● **Dataset extract**
━━━━━━━━
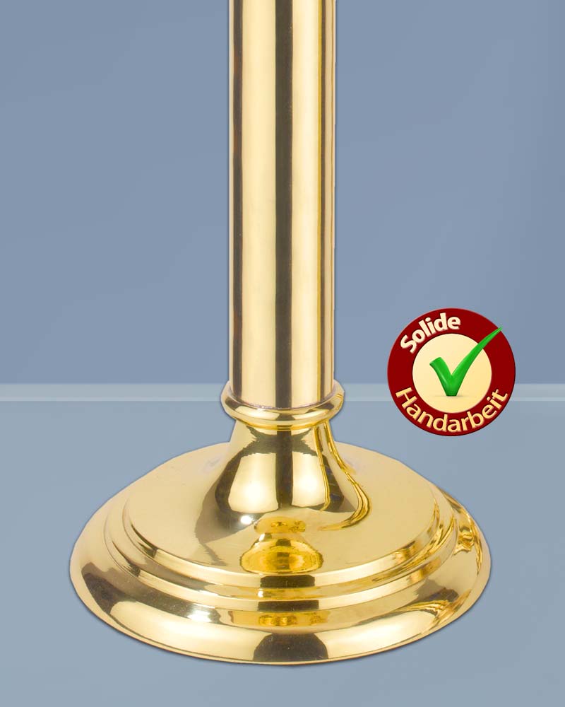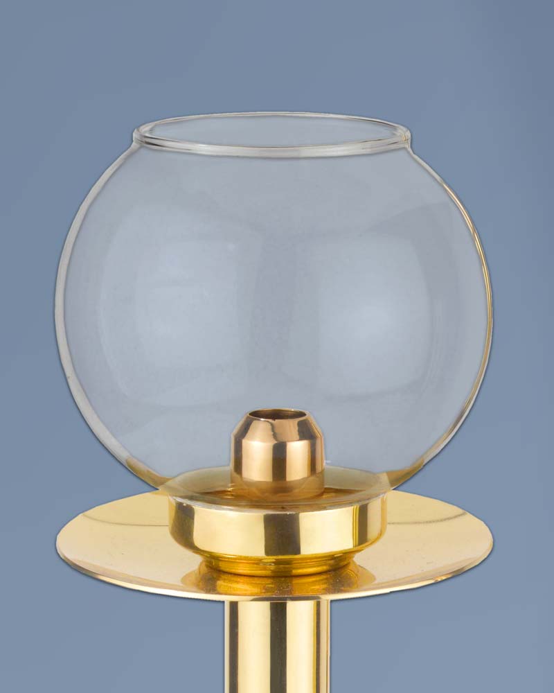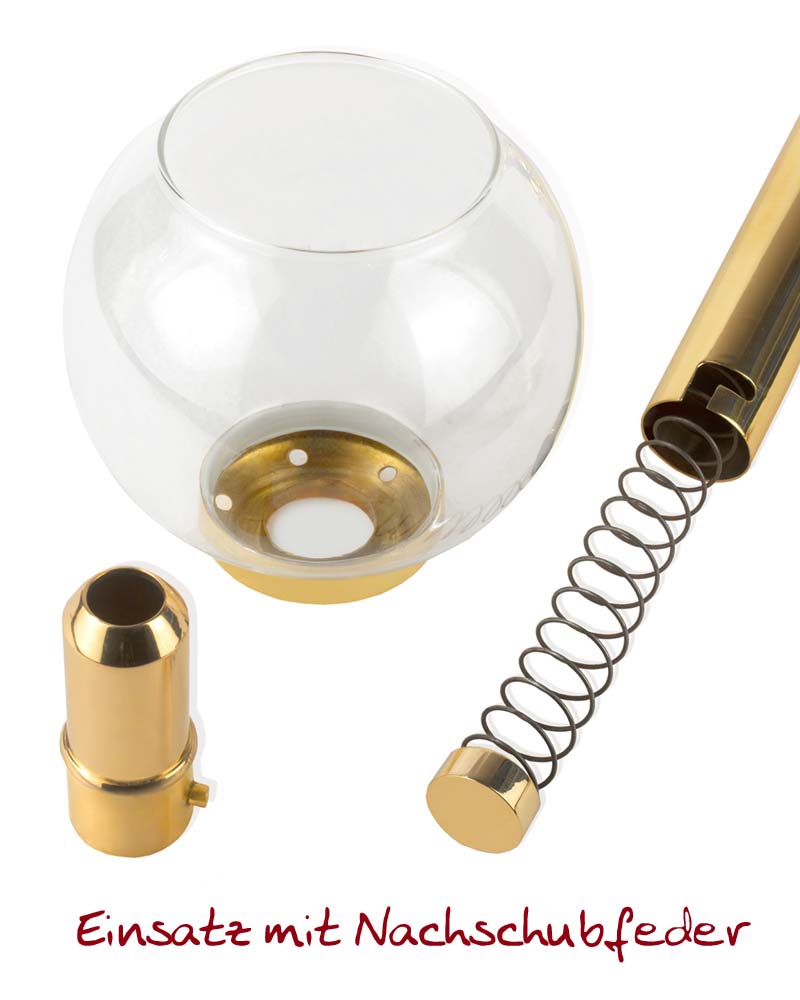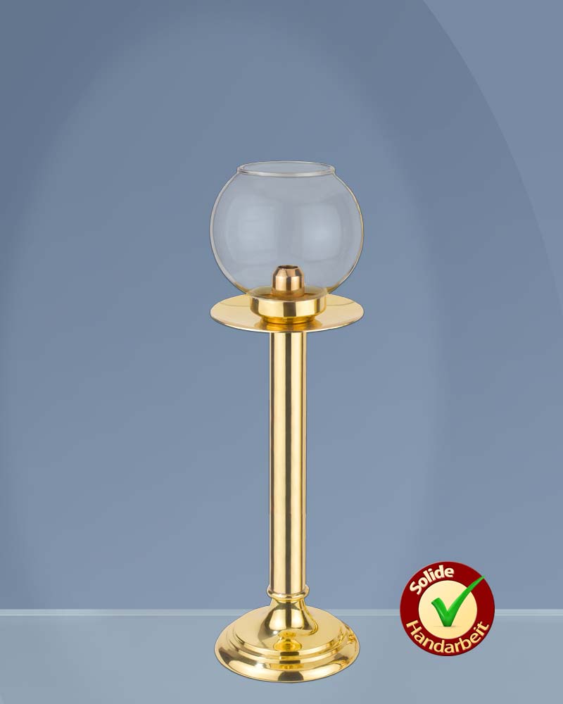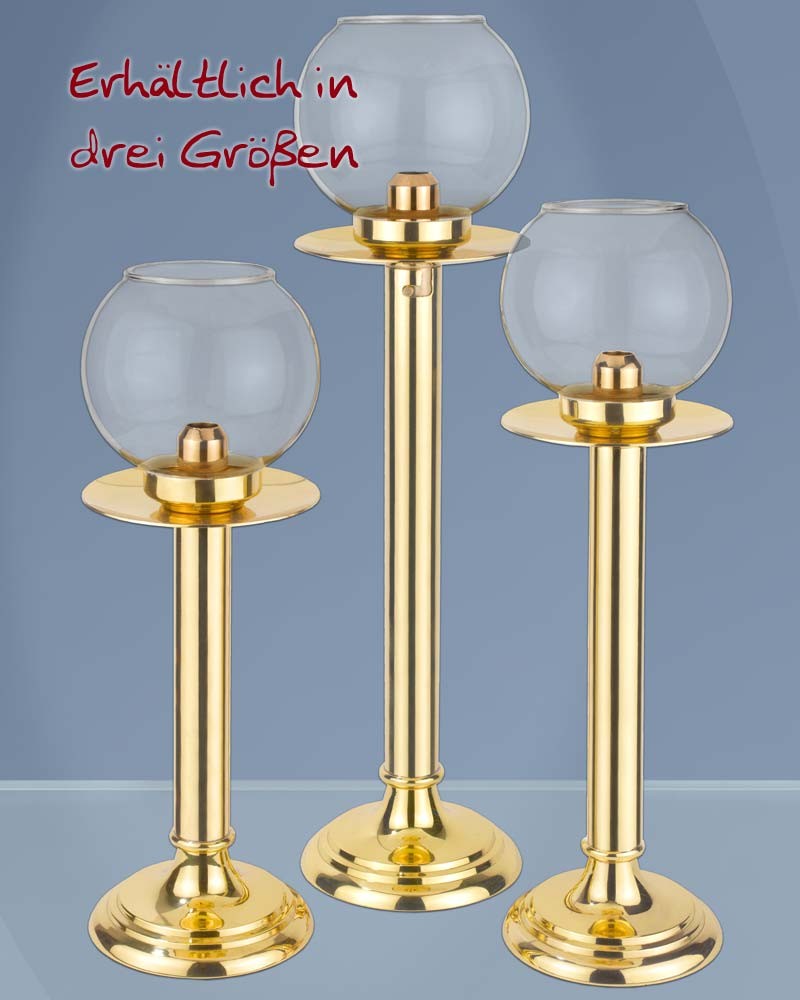 Windlichter aus poliertem Messing, anlaufgeschützt, mit Leuchterschale und standfestem Fuß mit 13 cm Ø. Das abnehmbare Kugelglas schützt die Flamme effektiv vor Wind. Durch eine Nachschubfeder werden die Einsatzkerzen im Inneren nach oben geschoben, was einen tropffreien Abbrand ermöglicht. Windlicht, mit Kugelglas, 50 cm hoch, 925 Gramm.
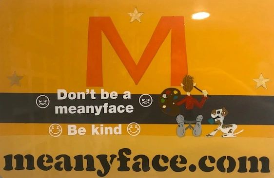 Meany Face Tee Shirts and Wristbands are for all ages . Call or email us for special orders colors sizes any combinations 862 219-9602. We will have new graphics and more items coming soon. Any artist -sign painter welcome to add a single panel related to acts of kindness call for any more info. Thanks Tom
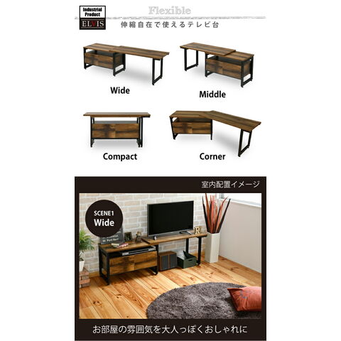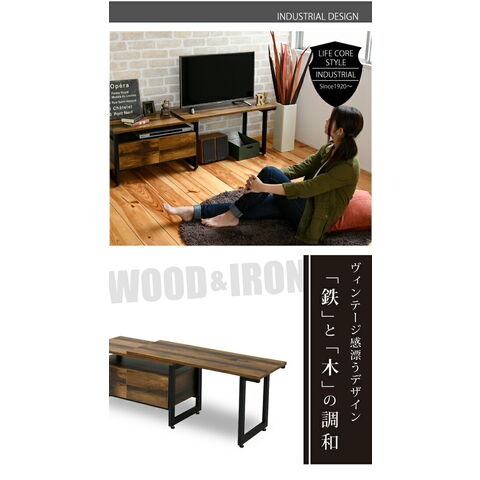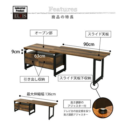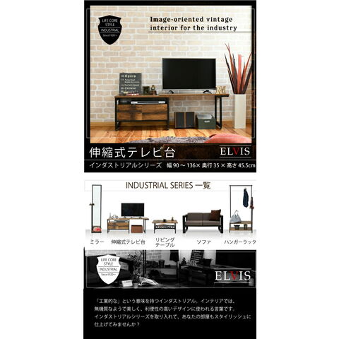 インダストリアル ローボード テレビ台 伸縮 幅90 - 136 奥行35 高さ46 引き出し 付き 収納 左右入れ替え可能32型 40インチ【送料無料】
━━━━━━━━
● **Task statement**
Everything from the line with "Meany Face Tee" through the end of the listing above, both ends included, should be set down exactly; copy nothing else, and skip the pictures.

● **Response area**
 Meany Face Tee Shirts and Wristbands are for all ages . Call or email us for special orders colors sizes any combinations 862 219-9602. We will have new graphics and more items coming soon. Any artist -sign painter welcome to add a single panel related to acts of kindness call for any more info. Thanks Tom
 インダストリアル ローボード テレビ台 伸縮 幅90 - 136 奥行35 高さ46 引き出し 付き 収納 左右入れ替え可能32型 40インチ【送料無料】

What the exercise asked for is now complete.